#### [ACTIVITY]
Copy out the lines of the records below, and only those lines, from the one with "1. ABBADIE, Antoine" through the one with "Bayangin aja, anak-anak", exactly as they appear.

#### [RECORDS TO USE]
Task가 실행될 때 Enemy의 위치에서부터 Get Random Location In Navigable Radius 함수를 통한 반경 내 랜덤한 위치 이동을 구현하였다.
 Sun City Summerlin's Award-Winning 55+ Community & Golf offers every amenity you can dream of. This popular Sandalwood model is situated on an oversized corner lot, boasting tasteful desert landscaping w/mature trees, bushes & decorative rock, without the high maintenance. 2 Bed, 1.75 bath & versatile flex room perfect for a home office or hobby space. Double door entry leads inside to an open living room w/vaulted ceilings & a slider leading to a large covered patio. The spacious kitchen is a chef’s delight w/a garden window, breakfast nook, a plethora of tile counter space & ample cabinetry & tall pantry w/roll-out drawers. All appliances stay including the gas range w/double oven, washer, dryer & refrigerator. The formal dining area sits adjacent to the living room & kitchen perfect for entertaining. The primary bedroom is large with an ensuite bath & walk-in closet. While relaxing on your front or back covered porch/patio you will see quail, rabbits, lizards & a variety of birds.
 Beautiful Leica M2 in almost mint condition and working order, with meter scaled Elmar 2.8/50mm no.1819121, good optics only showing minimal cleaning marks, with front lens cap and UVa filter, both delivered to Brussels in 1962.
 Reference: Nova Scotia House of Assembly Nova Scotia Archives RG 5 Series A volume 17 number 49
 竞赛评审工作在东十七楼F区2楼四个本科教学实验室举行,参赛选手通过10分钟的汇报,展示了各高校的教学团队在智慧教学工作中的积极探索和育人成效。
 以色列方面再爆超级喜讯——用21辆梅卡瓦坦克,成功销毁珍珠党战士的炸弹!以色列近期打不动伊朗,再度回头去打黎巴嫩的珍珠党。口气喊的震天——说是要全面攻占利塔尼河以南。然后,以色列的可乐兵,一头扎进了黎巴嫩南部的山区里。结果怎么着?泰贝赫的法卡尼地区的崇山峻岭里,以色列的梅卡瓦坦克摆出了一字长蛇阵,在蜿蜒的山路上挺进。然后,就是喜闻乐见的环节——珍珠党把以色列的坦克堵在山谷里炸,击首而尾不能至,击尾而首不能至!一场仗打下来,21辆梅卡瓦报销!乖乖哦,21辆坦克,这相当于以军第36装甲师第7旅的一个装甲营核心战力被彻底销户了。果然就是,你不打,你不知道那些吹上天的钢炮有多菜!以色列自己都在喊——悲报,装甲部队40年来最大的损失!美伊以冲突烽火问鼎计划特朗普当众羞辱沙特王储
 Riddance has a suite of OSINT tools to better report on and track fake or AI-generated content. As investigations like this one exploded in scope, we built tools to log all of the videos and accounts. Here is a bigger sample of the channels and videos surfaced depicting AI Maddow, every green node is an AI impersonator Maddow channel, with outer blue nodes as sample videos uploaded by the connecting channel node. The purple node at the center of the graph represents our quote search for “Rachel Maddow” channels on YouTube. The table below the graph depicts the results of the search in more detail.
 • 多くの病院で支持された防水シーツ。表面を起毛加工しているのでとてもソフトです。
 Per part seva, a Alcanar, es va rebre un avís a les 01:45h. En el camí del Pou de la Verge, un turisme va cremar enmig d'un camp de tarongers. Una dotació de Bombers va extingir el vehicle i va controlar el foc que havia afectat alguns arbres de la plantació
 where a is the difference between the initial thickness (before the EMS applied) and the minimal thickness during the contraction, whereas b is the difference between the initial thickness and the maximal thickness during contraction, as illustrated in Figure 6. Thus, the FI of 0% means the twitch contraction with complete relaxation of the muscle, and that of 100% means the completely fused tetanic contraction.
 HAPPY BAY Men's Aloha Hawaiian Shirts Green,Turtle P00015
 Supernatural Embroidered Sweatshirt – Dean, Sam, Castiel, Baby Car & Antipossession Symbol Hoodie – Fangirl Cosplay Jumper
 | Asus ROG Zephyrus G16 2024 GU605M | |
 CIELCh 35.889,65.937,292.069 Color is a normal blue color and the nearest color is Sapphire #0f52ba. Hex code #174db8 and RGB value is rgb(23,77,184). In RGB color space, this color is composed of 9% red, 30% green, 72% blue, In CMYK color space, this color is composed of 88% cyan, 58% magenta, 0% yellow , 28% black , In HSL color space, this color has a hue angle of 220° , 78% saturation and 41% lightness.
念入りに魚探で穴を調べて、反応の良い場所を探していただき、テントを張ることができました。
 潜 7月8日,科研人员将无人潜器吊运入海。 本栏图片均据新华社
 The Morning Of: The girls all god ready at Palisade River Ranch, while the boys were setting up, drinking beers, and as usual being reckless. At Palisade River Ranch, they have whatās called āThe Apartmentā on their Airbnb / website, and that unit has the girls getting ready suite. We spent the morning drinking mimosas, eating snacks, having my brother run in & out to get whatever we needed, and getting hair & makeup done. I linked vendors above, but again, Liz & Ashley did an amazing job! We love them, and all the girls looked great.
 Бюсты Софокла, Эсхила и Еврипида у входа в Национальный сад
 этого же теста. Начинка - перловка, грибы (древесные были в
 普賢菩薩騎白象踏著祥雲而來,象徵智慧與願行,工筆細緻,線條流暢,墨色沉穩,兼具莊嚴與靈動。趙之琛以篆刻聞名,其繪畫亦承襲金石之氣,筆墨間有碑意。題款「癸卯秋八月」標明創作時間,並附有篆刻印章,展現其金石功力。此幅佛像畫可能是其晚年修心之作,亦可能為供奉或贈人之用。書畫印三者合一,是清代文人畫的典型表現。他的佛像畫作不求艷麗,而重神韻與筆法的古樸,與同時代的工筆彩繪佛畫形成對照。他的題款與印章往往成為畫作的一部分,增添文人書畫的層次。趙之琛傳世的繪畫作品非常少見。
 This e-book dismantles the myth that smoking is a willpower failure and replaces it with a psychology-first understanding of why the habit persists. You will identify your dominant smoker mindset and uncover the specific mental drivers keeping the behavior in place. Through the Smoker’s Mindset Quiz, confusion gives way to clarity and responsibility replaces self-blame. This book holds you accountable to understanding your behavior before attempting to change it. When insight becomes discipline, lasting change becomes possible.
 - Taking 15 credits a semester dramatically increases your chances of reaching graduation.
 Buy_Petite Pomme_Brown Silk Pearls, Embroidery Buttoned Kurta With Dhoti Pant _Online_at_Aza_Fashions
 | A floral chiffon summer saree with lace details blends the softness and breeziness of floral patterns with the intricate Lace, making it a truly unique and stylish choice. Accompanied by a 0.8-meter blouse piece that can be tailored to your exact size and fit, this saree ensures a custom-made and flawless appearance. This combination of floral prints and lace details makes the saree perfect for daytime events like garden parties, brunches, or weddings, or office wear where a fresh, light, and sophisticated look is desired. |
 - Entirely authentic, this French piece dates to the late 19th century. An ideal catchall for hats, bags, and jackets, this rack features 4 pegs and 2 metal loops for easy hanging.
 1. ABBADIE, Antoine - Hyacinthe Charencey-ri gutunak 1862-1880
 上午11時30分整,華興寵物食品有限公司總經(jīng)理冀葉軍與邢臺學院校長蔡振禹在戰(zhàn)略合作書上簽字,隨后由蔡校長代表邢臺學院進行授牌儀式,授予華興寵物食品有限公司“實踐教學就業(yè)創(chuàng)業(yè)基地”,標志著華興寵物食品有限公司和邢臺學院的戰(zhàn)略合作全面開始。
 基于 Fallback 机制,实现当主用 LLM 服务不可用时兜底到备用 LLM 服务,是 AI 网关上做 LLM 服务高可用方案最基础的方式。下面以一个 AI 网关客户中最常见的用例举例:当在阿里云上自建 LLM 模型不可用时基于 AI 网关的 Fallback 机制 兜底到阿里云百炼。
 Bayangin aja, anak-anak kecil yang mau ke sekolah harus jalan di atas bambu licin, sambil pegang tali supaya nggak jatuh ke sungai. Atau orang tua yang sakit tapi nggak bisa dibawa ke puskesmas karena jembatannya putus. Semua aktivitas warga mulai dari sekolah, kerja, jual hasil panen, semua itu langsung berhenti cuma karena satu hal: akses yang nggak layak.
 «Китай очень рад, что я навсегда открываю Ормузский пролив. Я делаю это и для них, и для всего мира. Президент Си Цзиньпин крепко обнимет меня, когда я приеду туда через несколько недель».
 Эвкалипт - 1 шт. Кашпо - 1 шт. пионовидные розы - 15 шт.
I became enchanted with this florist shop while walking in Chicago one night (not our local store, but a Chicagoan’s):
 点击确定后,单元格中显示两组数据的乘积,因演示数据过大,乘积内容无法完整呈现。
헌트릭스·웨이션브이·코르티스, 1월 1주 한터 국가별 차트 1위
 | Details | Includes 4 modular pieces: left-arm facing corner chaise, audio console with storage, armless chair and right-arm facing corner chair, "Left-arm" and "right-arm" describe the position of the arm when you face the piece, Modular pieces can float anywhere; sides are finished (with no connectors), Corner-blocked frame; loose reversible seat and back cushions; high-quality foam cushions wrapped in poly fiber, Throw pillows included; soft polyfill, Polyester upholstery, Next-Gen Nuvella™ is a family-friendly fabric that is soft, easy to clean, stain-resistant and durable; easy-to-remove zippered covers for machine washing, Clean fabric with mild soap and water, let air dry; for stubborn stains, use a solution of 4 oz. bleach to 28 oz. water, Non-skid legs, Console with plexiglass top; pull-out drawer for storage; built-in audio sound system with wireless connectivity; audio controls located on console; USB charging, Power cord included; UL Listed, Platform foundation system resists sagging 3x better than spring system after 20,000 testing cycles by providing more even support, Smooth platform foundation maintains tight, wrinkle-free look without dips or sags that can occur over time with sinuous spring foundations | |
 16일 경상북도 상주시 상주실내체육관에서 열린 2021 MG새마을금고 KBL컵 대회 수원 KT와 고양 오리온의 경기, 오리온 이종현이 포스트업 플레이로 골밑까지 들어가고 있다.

#### [ANSWER SPACE]
 1. ABBADIE, Antoine - Hyacinthe Charencey-ri gutunak 1862-1880
 上午11時30分整,華興寵物食品有限公司總經(jīng)理冀葉軍與邢臺學院校長蔡振禹在戰(zhàn)略合作書上簽字,隨后由蔡校長代表邢臺學院進行授牌儀式,授予華興寵物食品有限公司“實踐教學就業(yè)創(chuàng)業(yè)基地”,標志著華興寵物食品有限公司和邢臺學院的戰(zhàn)略合作全面開始。
 基于 Fallback 机制,实现当主用 LLM 服务不可用时兜底到备用 LLM 服务,是 AI 网关上做 LLM 服务高可用方案最基础的方式。下面以一个 AI 网关客户中最常见的用例举例:当在阿里云上自建 LLM 模型不可用时基于 AI 网关的 Fallback 机制 兜底到阿里云百炼。
 Bayangin aja, anak-anak kecil yang mau ke sekolah harus jalan di atas bambu licin, sambil pegang tali supaya nggak jatuh ke sungai. Atau orang tua yang sakit tapi nggak bisa dibawa ke puskesmas karena jembatannya putus. Semua aktivitas warga mulai dari sekolah, kerja, jual hasil panen, semua itu langsung berhenti cuma karena satu hal: akses yang nggak layak.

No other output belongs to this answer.